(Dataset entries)

---------------

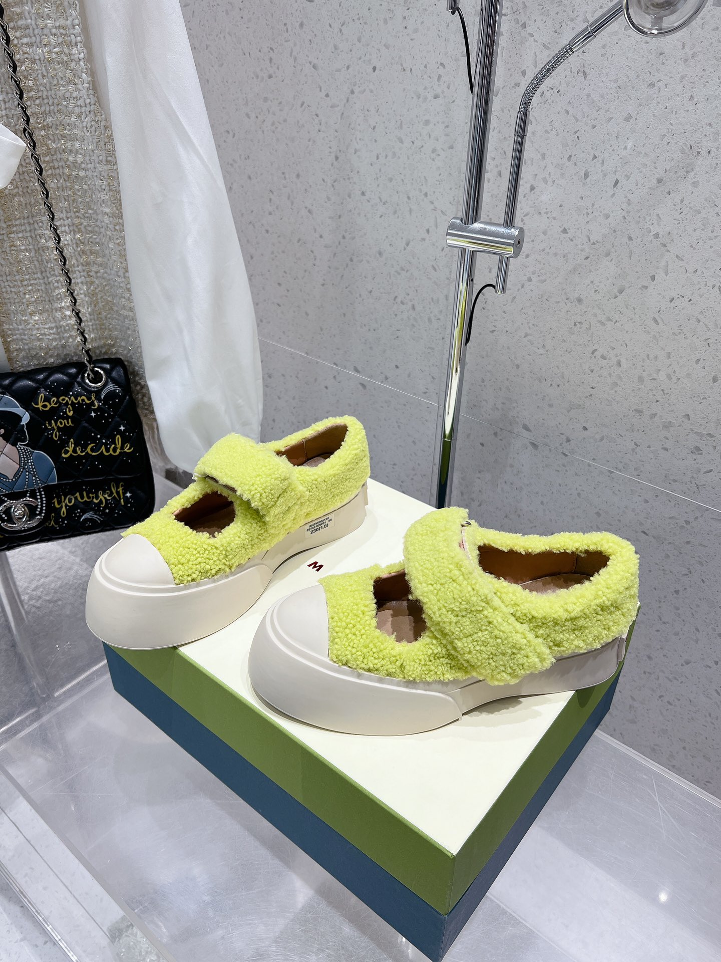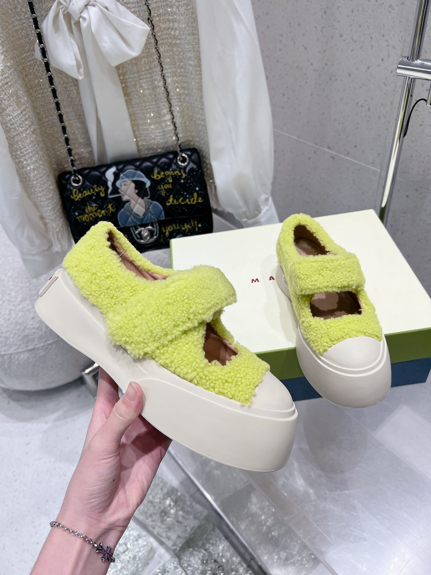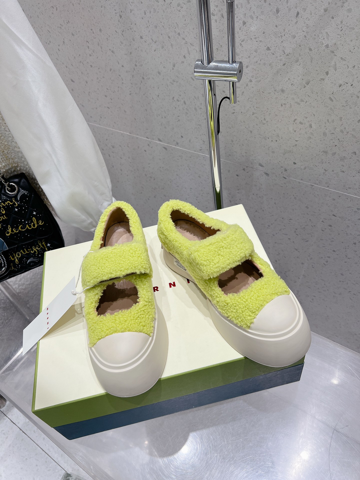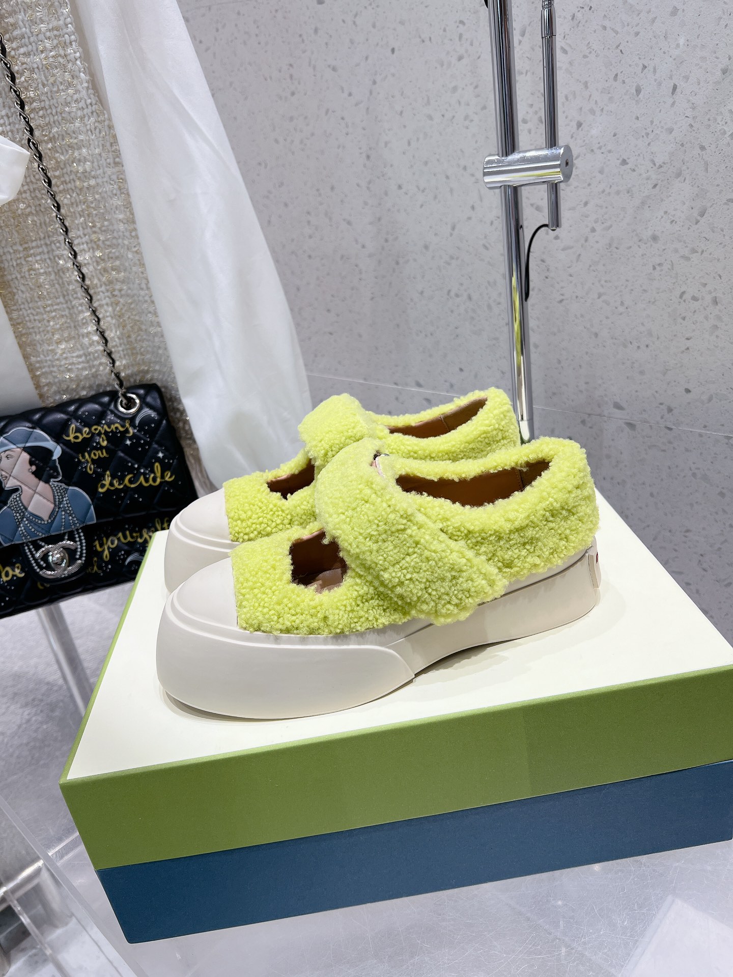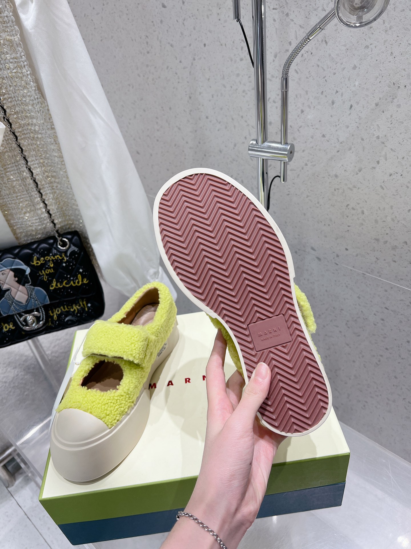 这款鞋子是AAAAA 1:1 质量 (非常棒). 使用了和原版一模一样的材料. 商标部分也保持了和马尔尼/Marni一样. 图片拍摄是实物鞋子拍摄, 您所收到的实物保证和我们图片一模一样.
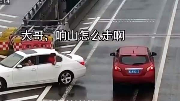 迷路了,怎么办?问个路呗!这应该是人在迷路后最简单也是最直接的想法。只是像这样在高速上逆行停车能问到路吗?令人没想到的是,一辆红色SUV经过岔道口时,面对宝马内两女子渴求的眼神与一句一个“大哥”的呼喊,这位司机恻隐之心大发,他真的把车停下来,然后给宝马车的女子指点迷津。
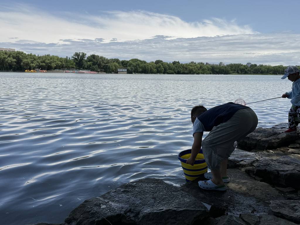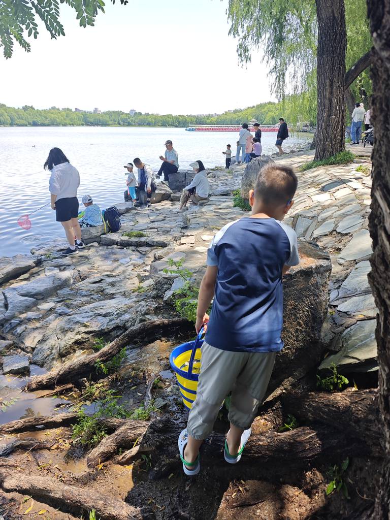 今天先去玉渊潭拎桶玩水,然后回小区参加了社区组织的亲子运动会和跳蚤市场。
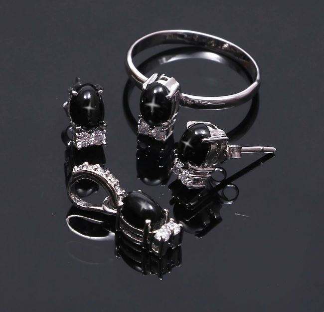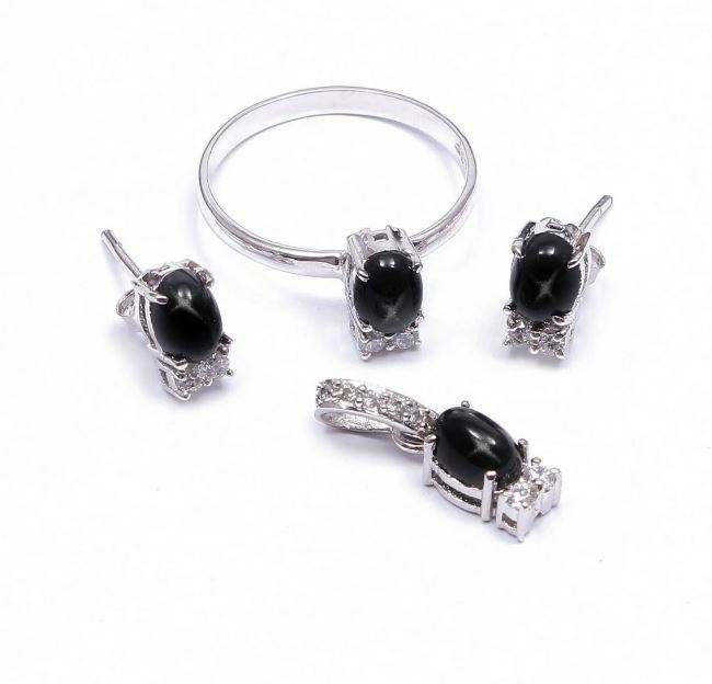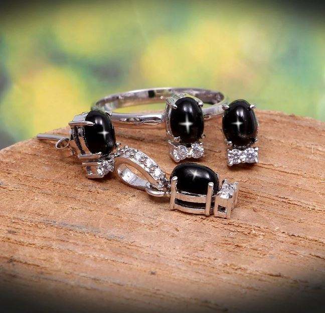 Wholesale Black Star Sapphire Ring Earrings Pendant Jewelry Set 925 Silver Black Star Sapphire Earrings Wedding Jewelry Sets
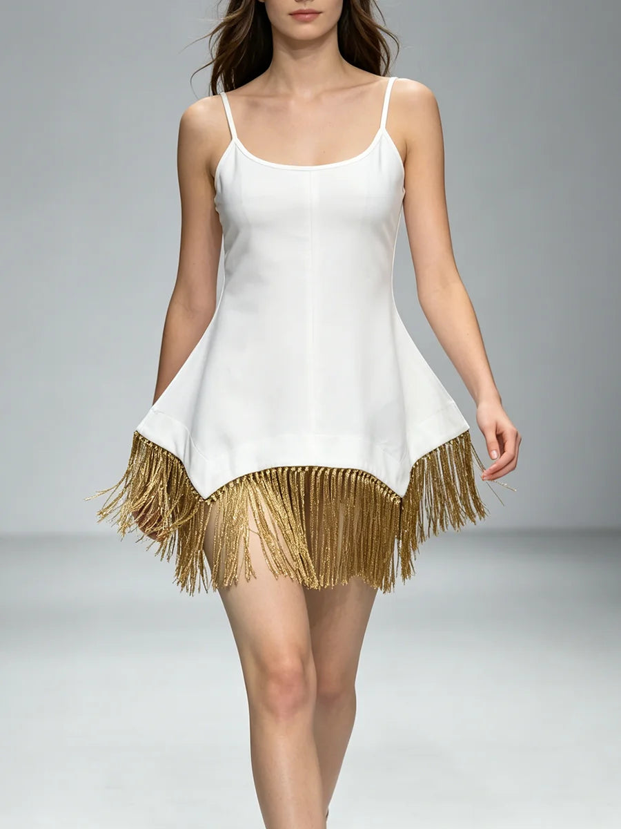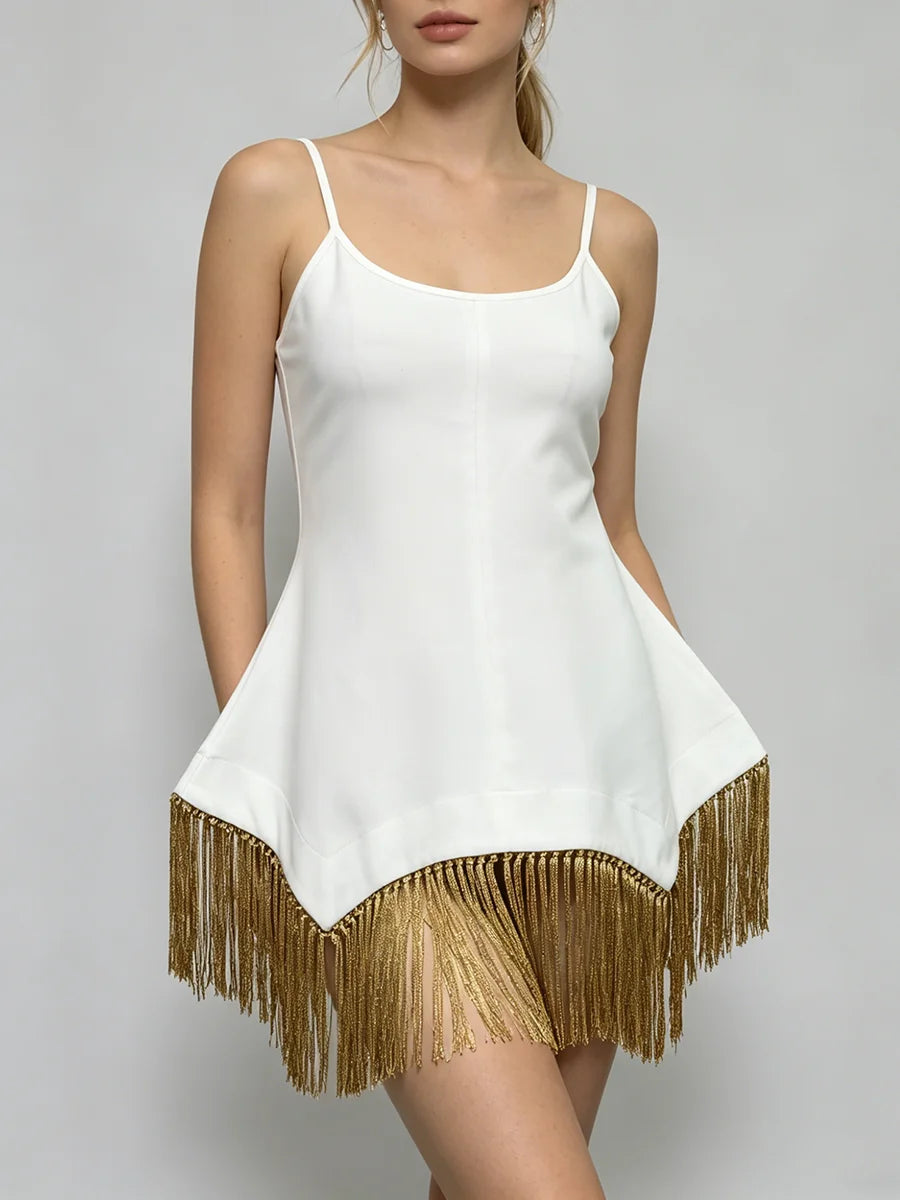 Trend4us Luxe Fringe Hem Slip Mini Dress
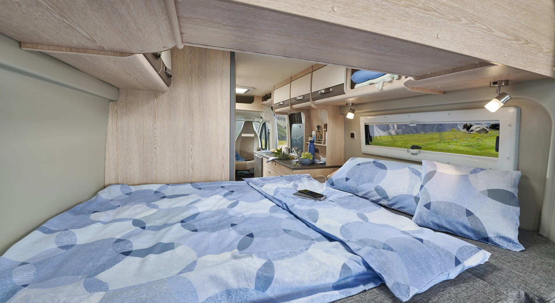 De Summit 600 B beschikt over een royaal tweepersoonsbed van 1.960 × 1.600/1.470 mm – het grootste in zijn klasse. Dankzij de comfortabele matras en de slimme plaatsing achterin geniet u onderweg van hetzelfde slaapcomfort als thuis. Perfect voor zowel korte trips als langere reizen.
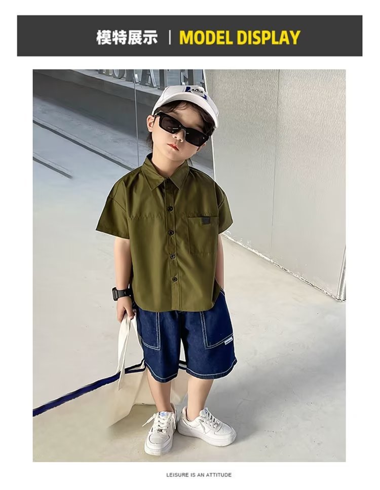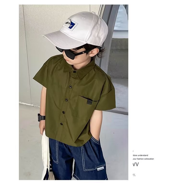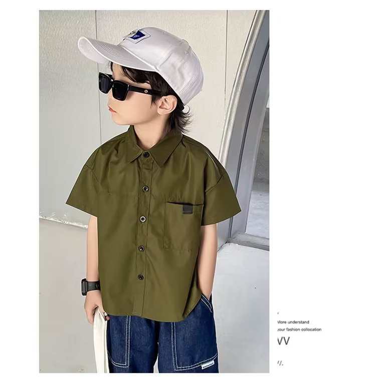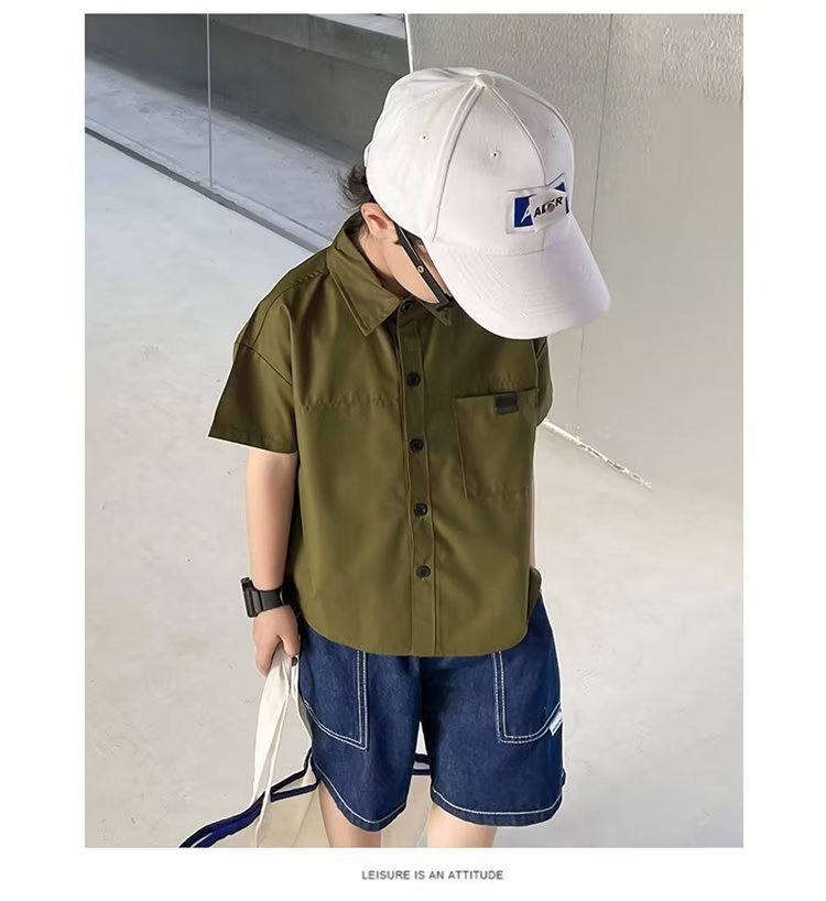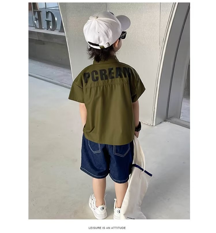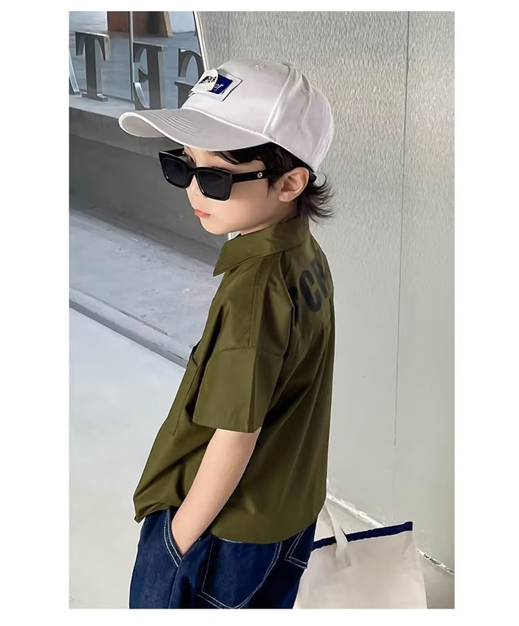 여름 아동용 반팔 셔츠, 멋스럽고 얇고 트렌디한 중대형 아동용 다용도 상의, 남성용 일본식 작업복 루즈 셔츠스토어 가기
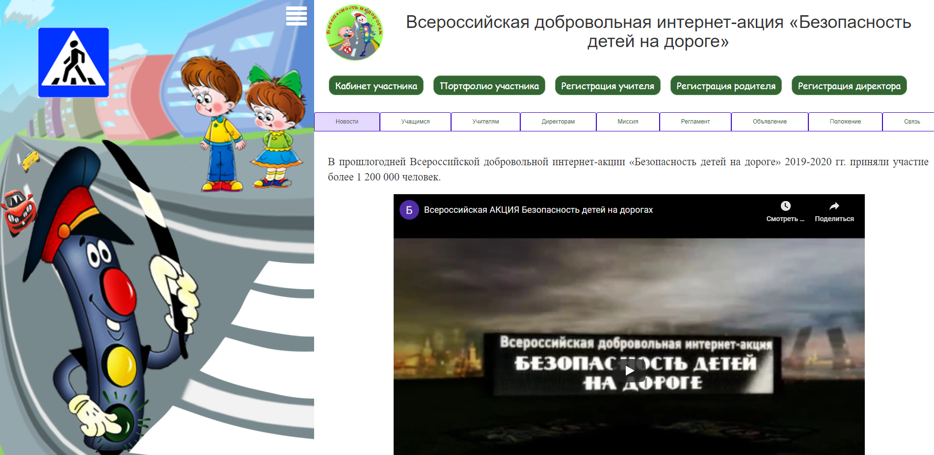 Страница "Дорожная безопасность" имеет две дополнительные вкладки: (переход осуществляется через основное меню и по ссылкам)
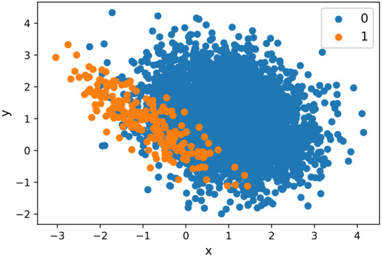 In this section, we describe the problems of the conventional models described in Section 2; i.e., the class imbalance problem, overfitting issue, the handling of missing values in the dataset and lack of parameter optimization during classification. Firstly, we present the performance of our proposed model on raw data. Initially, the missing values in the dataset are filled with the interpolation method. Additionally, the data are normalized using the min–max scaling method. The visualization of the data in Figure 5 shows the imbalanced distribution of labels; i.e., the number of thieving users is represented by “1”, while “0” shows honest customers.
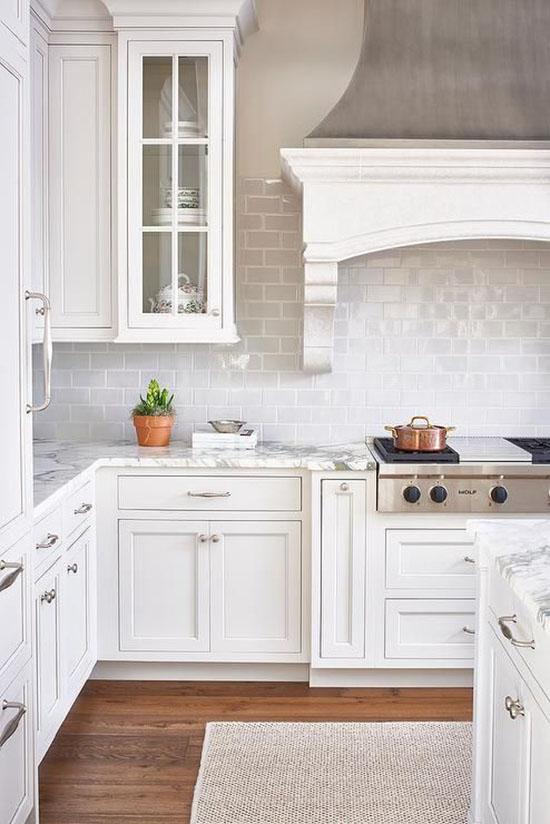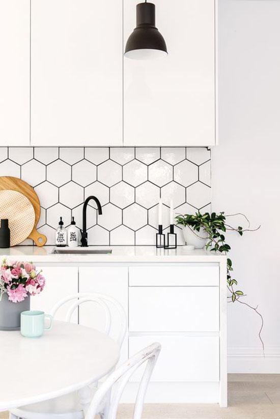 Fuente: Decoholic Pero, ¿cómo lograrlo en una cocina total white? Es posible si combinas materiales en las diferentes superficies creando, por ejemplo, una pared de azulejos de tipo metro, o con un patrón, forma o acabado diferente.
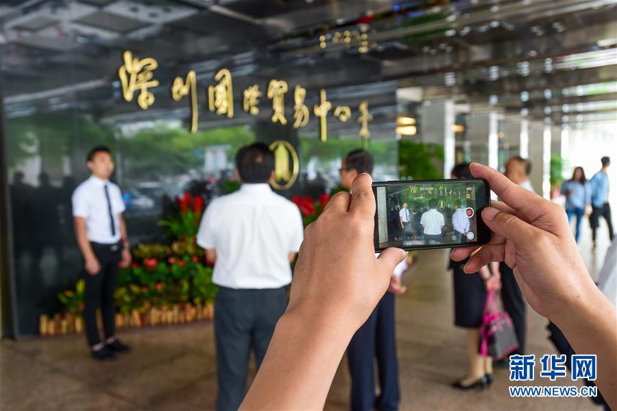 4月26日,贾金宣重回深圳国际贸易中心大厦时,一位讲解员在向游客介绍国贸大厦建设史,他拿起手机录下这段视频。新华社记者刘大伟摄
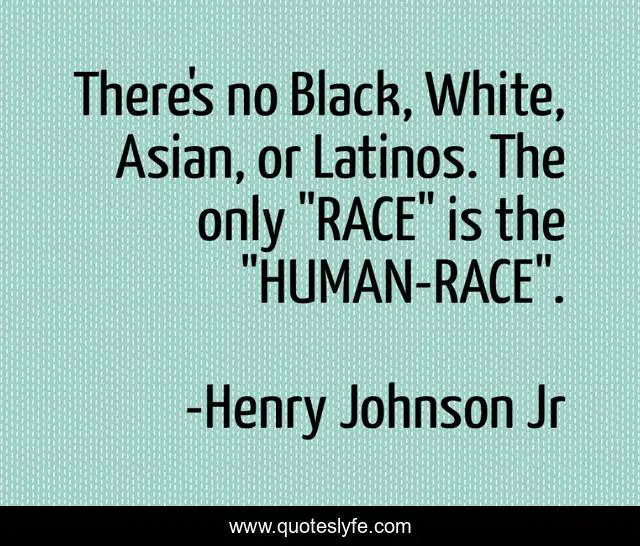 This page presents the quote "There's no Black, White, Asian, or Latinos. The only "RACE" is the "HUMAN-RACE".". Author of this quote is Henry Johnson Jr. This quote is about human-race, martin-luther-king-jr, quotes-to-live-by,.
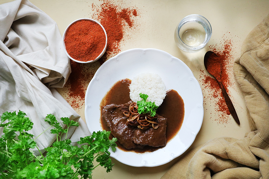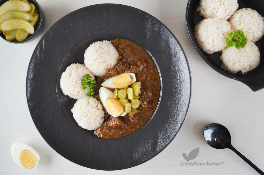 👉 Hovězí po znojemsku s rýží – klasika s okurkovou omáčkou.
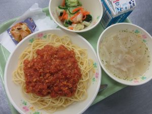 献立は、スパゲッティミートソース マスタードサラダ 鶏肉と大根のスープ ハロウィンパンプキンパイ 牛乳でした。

---------------

What you are asked to do. Omit the pictures and set down the records exactly.

Answer space.
 这款鞋子是AAAAA 1:1 质量 (非常棒). 使用了和原版一模一样的材料. 商标部分也保持了和马尔尼/Marni一样. 图片拍摄是实物鞋子拍摄, 您所收到的实物保证和我们图片一模一样.
 迷路了,怎么办?问个路呗!这应该是人在迷路后最简单也是最直接的想法。只是像这样在高速上逆行停车能问到路吗?令人没想到的是,一辆红色SUV经过岔道口时,面对宝马内两女子渴求的眼神与一句一个“大哥”的呼喊,这位司机恻隐之心大发,他真的把车停下来,然后给宝马车的女子指点迷津。
 今天先去玉渊潭拎桶玩水,然后回小区参加了社区组织的亲子运动会和跳蚤市场。
 Wholesale Black Star Sapphire Ring Earrings Pendant Jewelry Set 925 Silver Black Star Sapphire Earrings Wedding Jewelry Sets
 Trend4us Luxe Fringe Hem Slip Mini Dress
 De Summit 600 B beschikt over een royaal tweepersoonsbed van 1.960 × 1.600/1.470 mm – het grootste in zijn klasse. Dankzij de comfortabele matras en de slimme plaatsing achterin geniet u onderweg van hetzelfde slaapcomfort als thuis. Perfect voor zowel korte trips als langere reizen.
 여름 아동용 반팔 셔츠, 멋스럽고 얇고 트렌디한 중대형 아동용 다용도 상의, 남성용 일본식 작업복 루즈 셔츠스토어 가기
 Страница "Дорожная безопасность" имеет две дополнительные вкладки: (переход осуществляется через основное меню и по ссылкам)
 In this section, we describe the problems of the conventional models described in Section 2; i.e., the class imbalance problem, overfitting issue, the handling of missing values in the dataset and lack of parameter optimization during classification. Firstly, we present the performance of our proposed model on raw data. Initially, the missing values in the dataset are filled with the interpolation method. Additionally, the data are normalized using the min–max scaling method. The visualization of the data in Figure 5 shows the imbalanced distribution of labels; i.e., the number of thieving users is represented by “1”, while “0” shows honest customers.
 Fuente: Decoholic Pero, ¿cómo lograrlo en una cocina total white? Es posible si combinas materiales en las diferentes superficies creando, por ejemplo, una pared de azulejos de tipo metro, o con un patrón, forma o acabado diferente.
 4月26日,贾金宣重回深圳国际贸易中心大厦时,一位讲解员在向游客介绍国贸大厦建设史,他拿起手机录下这段视频。新华社记者刘大伟摄
 This page presents the quote "There's no Black, White, Asian, or Latinos. The only "RACE" is the "HUMAN-RACE".". Author of this quote is Henry Johnson Jr. This quote is about human-race, martin-luther-king-jr, quotes-to-live-by,.
 👉 Hovězí po znojemsku s rýží – klasika s okurkovou omáčkou.
 献立は、スパゲッティミートソース マスタードサラダ 鶏肉と大根のスープ ハロウィンパンプキンパイ 牛乳でした。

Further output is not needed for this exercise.